研究課題/領域番号 |
10670637
|
研究機関 | 富山医科薬科大学 |
研究代表者 |
井上 博 富山医科薬科大学, 医学部, 教授 (60151619)
|
研究分担者 |
平井 忠和 富山医科薬科大学, 附属病院, 助手 (10303215)
能澤 孝 富山医科薬科大学, 医学部, 助手 (00180737)
|
キーワード | 心筋梗塞 / 心不全 / 交感神経 / 腎臓 / ラット |
研究概要 |
心不全における交感神経系やレニン-アンジオテンシン系の賦活化が心臓の再構築(リモデリング)を助長し、心不全の進展をもたらす。
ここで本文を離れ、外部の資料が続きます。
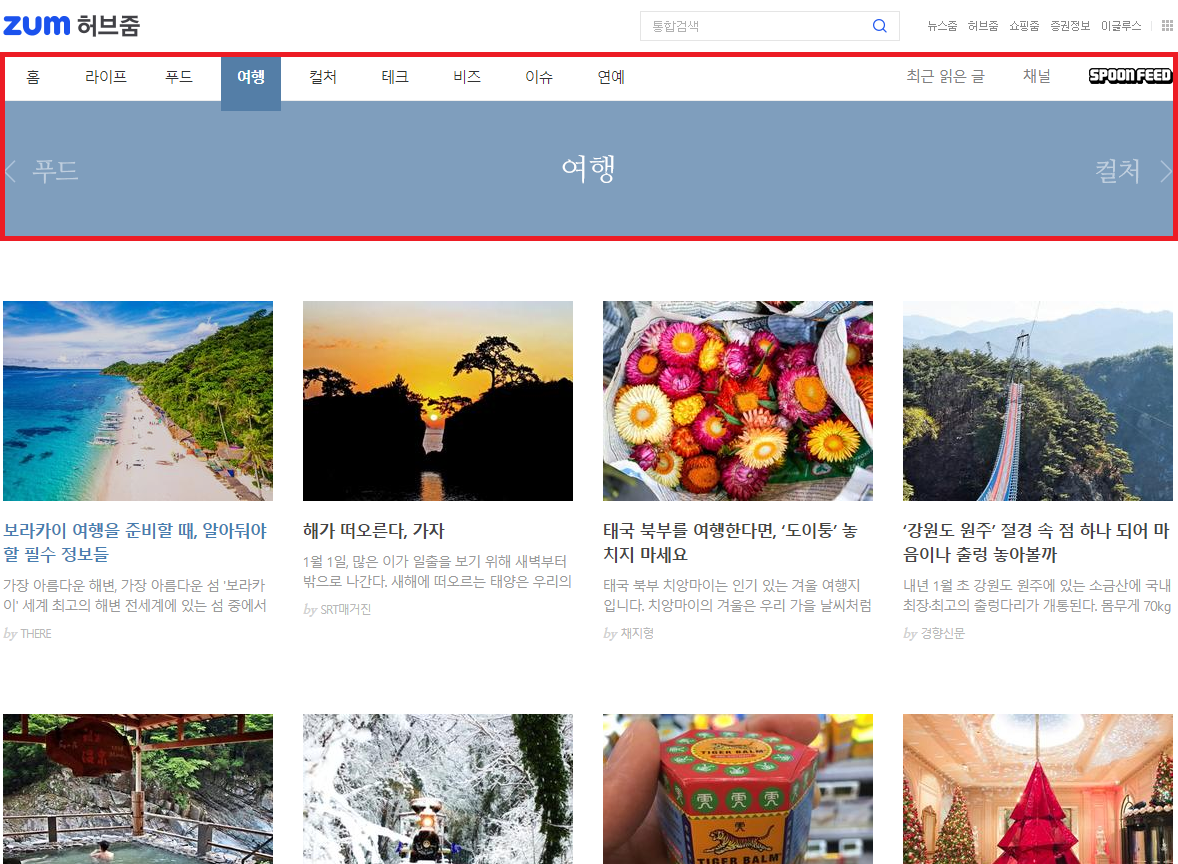 ZUM인터넷의 컨텐츠 큐레이팅 채널인 허브줌에 접속하면 다양한 카테고리가 존재하고 있고, 로드프레스의 컨텐츠는 여행 카테고리에 노출될 예정이다.

我々の検討においても、心臓交感神経機能の亢進と、それに続く交感神経終末における機能異常が心筋細胞間隙のノルエピネフリン濃度を増加し、β受容体数の低下などの交感神経シグナル伝達における障害をもたらすことが明らかになった(Circulation 1998;97:2359-2367)。 ラット心筋梗塞後心不全においては心臓、腎臓における交感神経活性が亢進し、左室拡張末期圧の上昇と左室拡大が生じ、腎臓におけるナトリウム排泄能の低下が認められた。心筋梗塞の直前に外科的およびフェノール塗布による腎交感神経の除神経をおこなうと、慢性期(4週後)においても腎におけるノルエビネフリンは枯渇し持続的な除神経が確認された。長期間の除神経により尿中ナトリウム排泄が増加し、左室拡張末期圧の低下と左室収縮および拡張能が改善し、心筋梗塞後の左室拡大を有意に抑制した。冠動脈結紮を行わなかったラットにおいては、腎交感神経を除神経しても尿中ナトリウム排泄や左室機能には影響しなかった(Circulation 1998;98:I.553)。以上より、慢性心不全における腎交感神経の賦活化は、少なくとも一部、ナトリウム排泄能の低下を介して左室拡大を伴う心不全の進展に関与すると考えられる。それ故、心不全における賦活化した交感神経活性を長期間抑制することにより、心不全のさらなる進展を抑制できる可能性が示唆される。